Self-luminous exit signs in commercial buildings use tritium, a radioactive form of hydrogen, sealed inside glass tubes coated with phosphor. The radiation causes the phosphor to glow continuously without any external power source, which is why these signs stay lit even during a total power failure.

Dating Ancient Objects

Radiocarbon dating relies on the natural radioactive decay of carbon-14 to determine how old organic materials are. All living things absorb carbon from the atmosphere, including a small proportion of radioactive carbon-14. When an organism dies, it stops taking in new carbon, and the carbon-14 it already contains begins to decay into nitrogen-14 at a fixed rate. Its half-life is 5,730 years, meaning half the original carbon-14 is gone after that time.

By comparing how much carbon-14 remains in a sample to how much carbon-12 (the stable form) is present, scientists can calculate when the organism died. The technique is reliable for materials ranging from a few hundred years old up to about 50,000 years, making it invaluable for archaeology, paleontology, and climate science.

Powering Deep-Space Missions

Solar panels work well for spacecraft orbiting Earth or traveling to Mars, but missions to the outer solar system receive too little sunlight to rely on them.

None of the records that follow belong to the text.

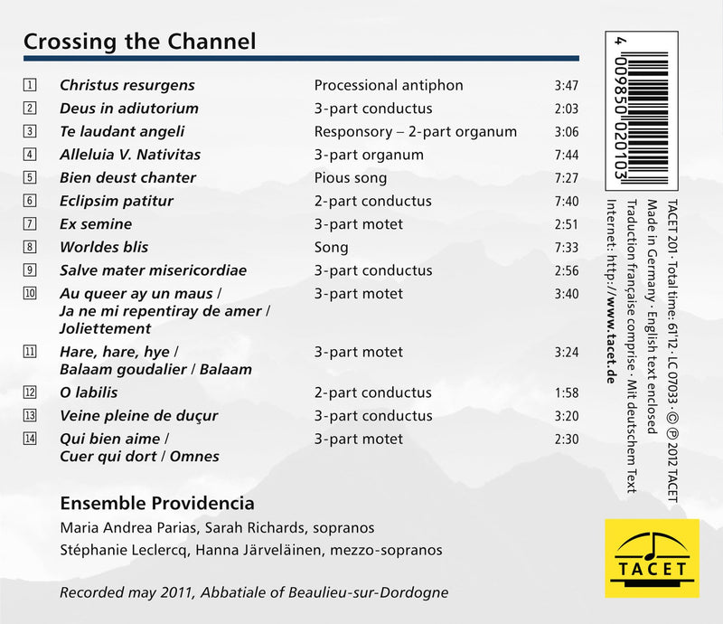 Crossing the Channel is a result of Paris based Ensemble Providencia exploring the curious developmental connections in language and music between France...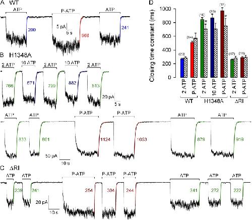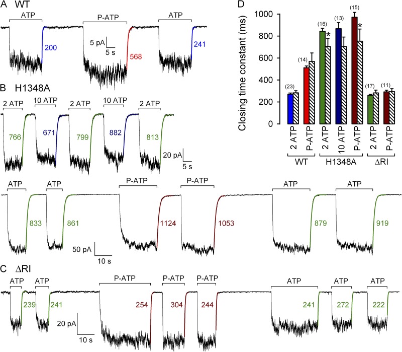 Figure 6. Relaxation time courses of macroscopic WT, H1348A, and ΔRI CFTR currents upon sudden nucleotide removal. (A–C) Macroscopic currents of prephosphorylated WT (A), H1348A (B), and ΔRI (C) CFTR channels elicited by exposure (bars) to either 2 mM ATP alternating with 10 µM P-ATP (A and C), or 2 mM ATP alternating with either 10 mM ATP (B, top) or 10 µM P-ATP (B, bottom). Current decay time courses upon sudden removal of the nucleotide were fitted with single exponentials (colored solid lines); colored numbers are time constants (in milliseconds). (D) Closing time constants of WT CFTR currents upon removal of 2 mM ATP (blue bar) or 10 µM P-ATP (red bar), of H1348A CFTR currents upon removal of 2 (left green bar) or 10 mM ATP (dark blue bar) or 10 µM P-ATP (left brown bar), and of ΔRI CFTR currents upon removal of 2 mM ATP (right green bar) or 10 µM P-ATP (right brown bar). As a comparison, striped bars replot mean burst durations of the respective constructs measured at steady state in the presence of the respective nucleotide (from Figs. 1 F, 2 C, and 4, B and E).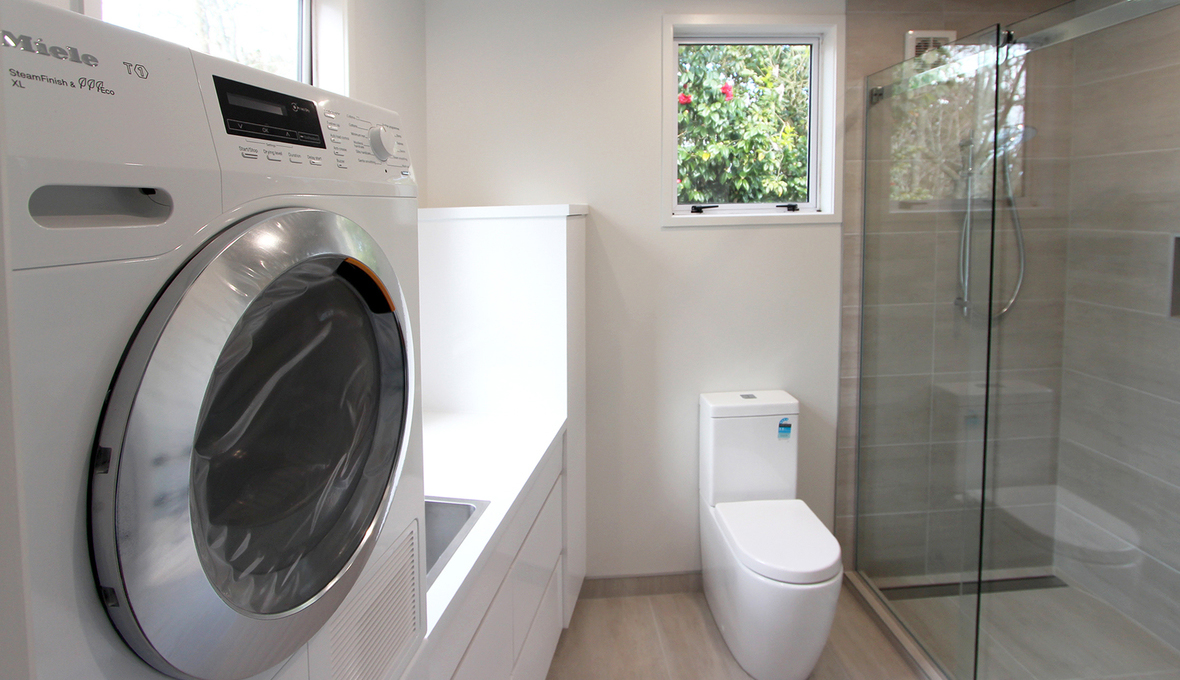Refresh updated this bathroom and laundry in Hamilton, New Zealand by creating a functional space featuring modern cabinetry for the new stacked washing machine and dryer.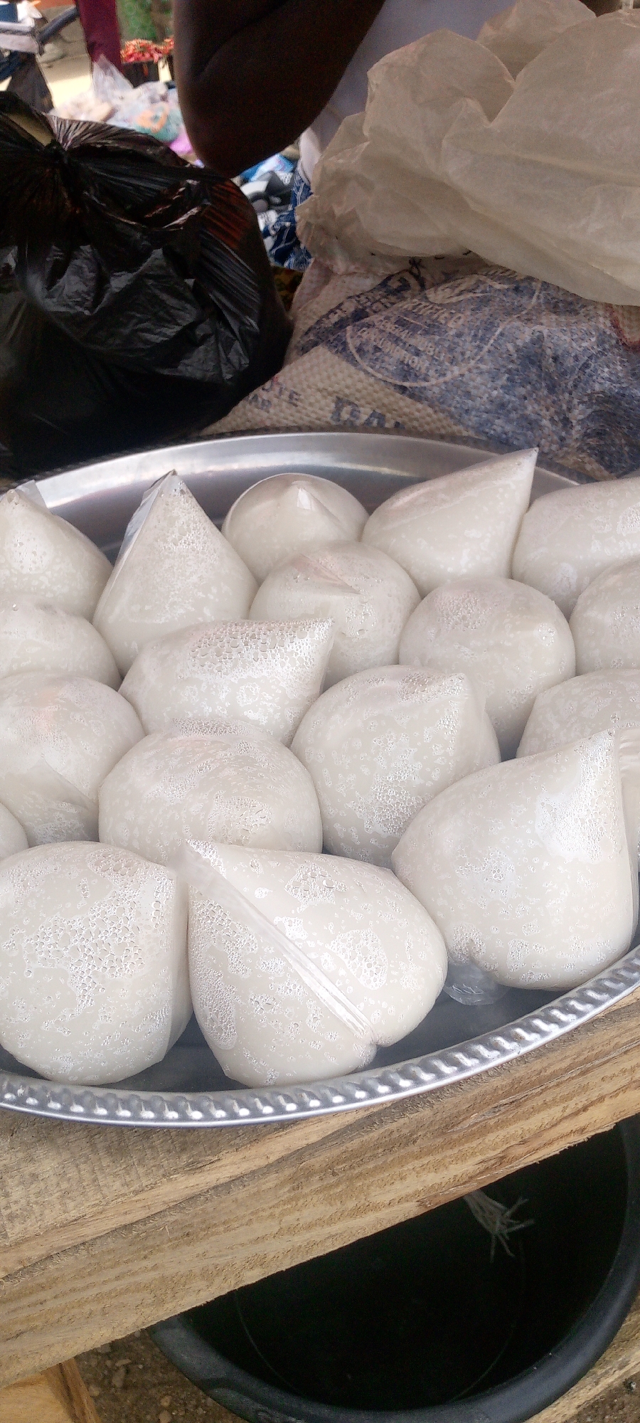 The image depicts a close-up of a silver tray filled with multiple portions of a white, semi-solid food item, individually wrapped in clear plastic. These portions appear to be spheres or teardrop shapes. The tray rests on a rough wooden surface, near a black bucket. In the background, there are indistinct shapes and colors of what could be other items for sale, and at least one person in the frame. The location of the scene may be Zango-ndaji, Nigeria. The lighting in the photograph is bright and diffused.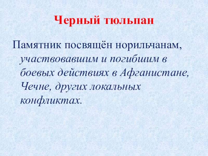 Памятник посвящён норильчанам, участвовавшим и погибшим в боевых действиях в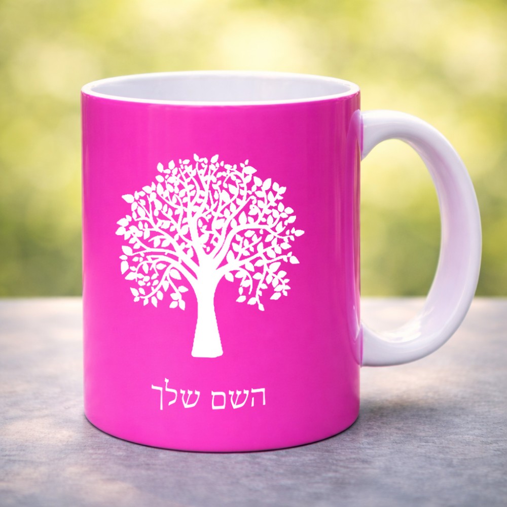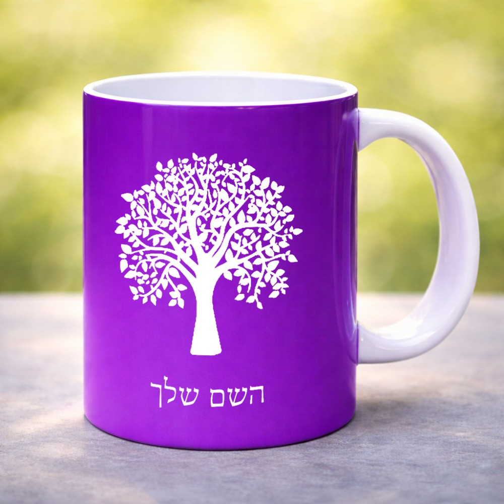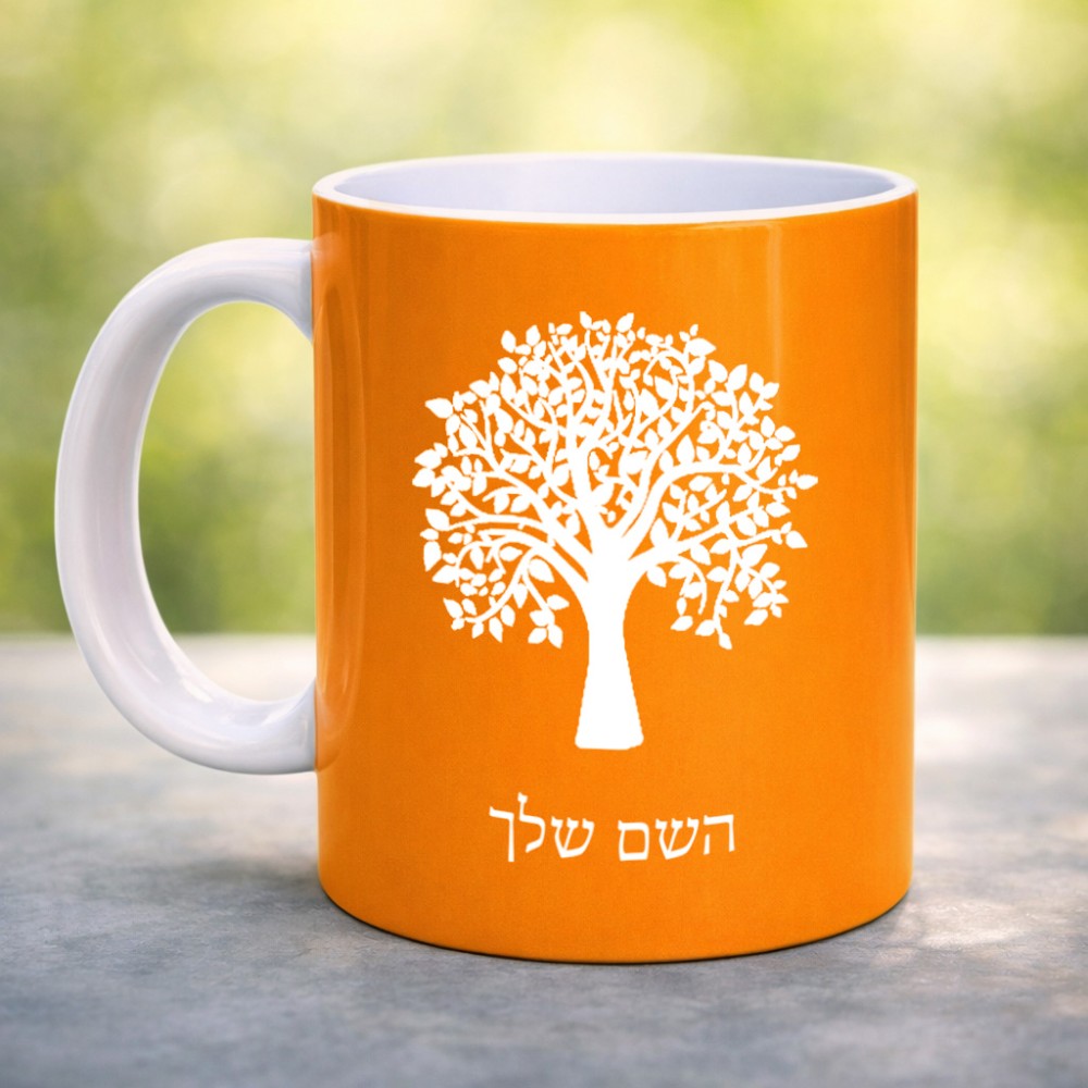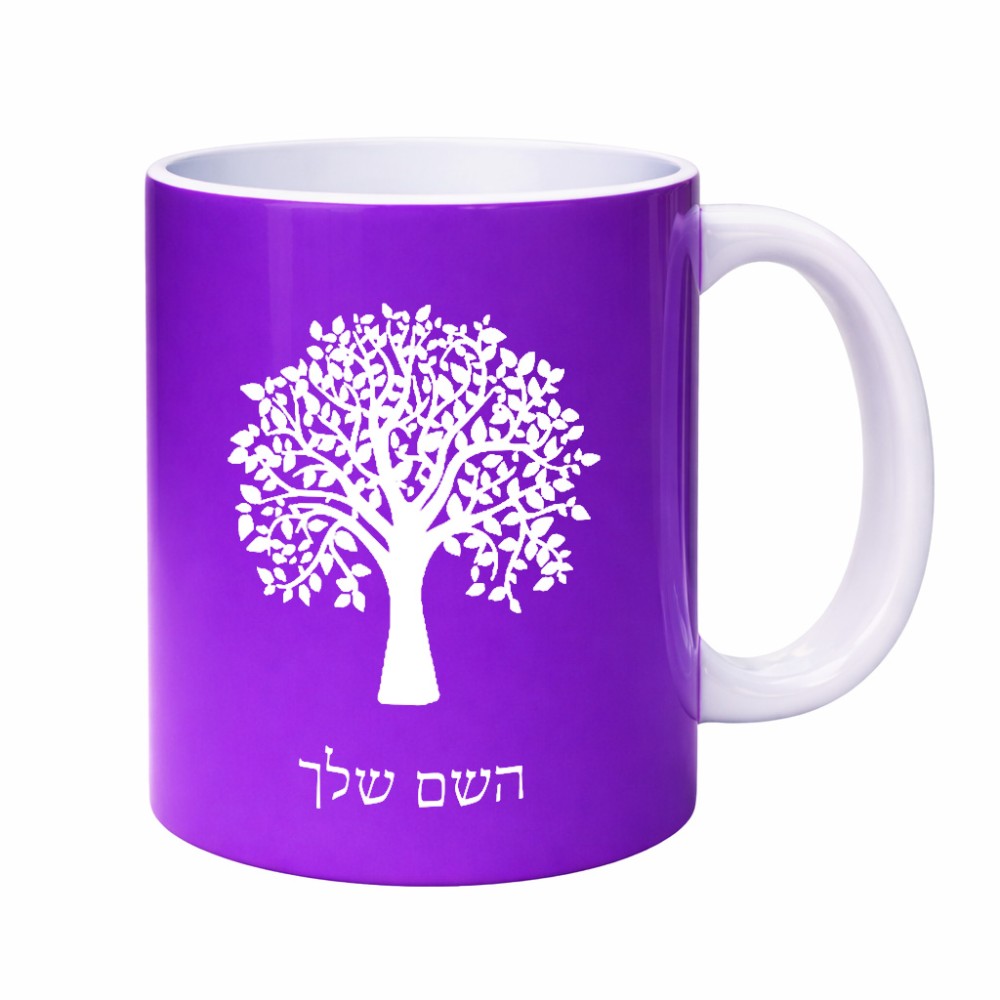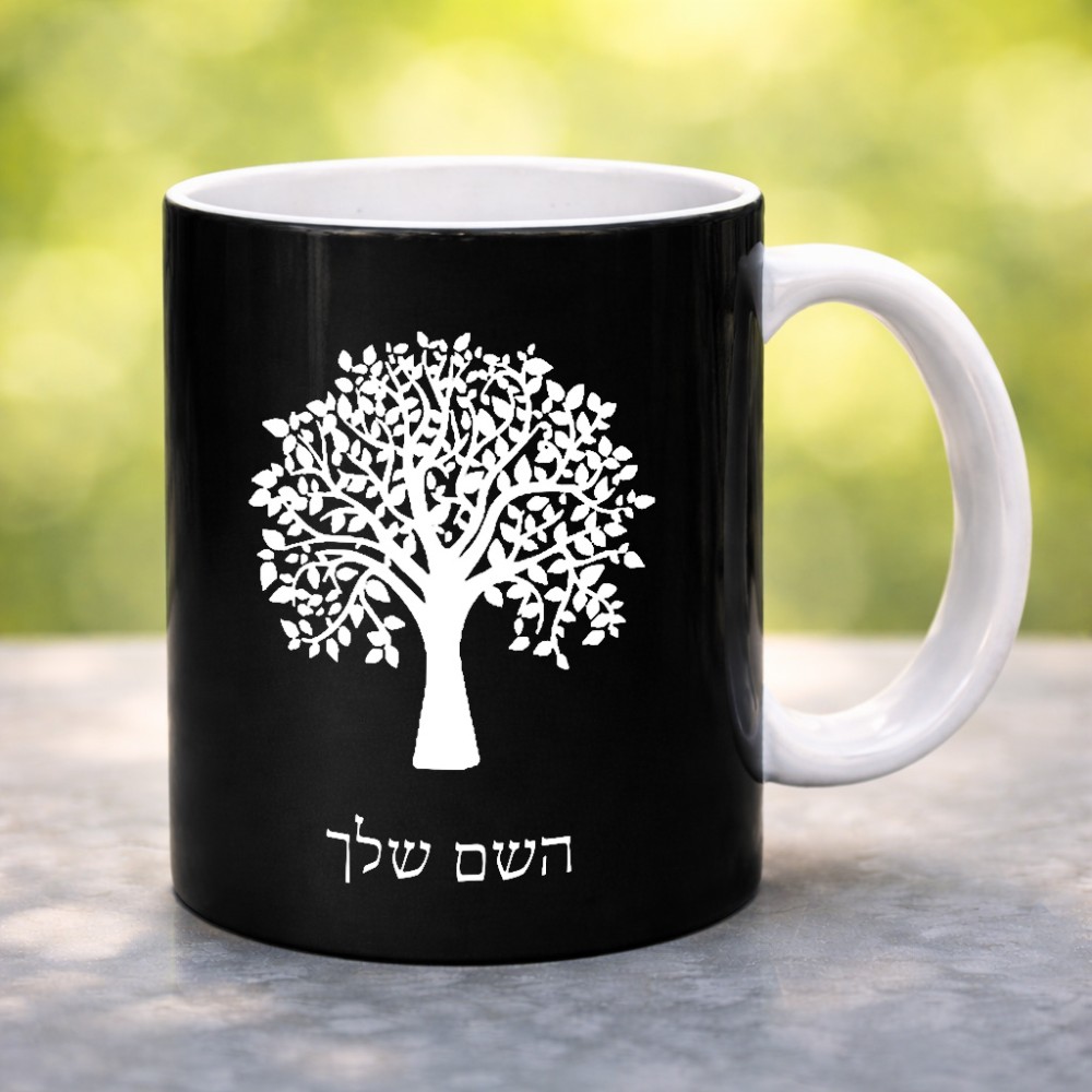 ספל תה \ קפה בעיצוב אישי עם השם שלך בעיצוב עץ גדול הספל 325 מ"ל, הספל בעלת ידית לאחיזה יציבה. את השם המבוקש ניתן לציין בהזמנה, אם לא צויין אנחנו ניצור קשר לבירור.

NASA solves this with radioisotope thermoelectric generators, or RTGs, which convert heat from the natural decay of plutonium-238 into electricity using devices called thermocouples.

RTGs have powered some of NASA’s most iconic missions. The Viking 1 and 2 Mars landers, Pioneer 10 and 11, Galileo, Cassini, and New Horizons all relied on them. The current model, the Multi-Mission RTG, is designed to work both in the vacuum of space and within a planet’s atmosphere. RTGs produce steady, reliable power for decades, which is why Voyager 1 and 2 are still transmitting data from interstellar space more than 45 years after launch.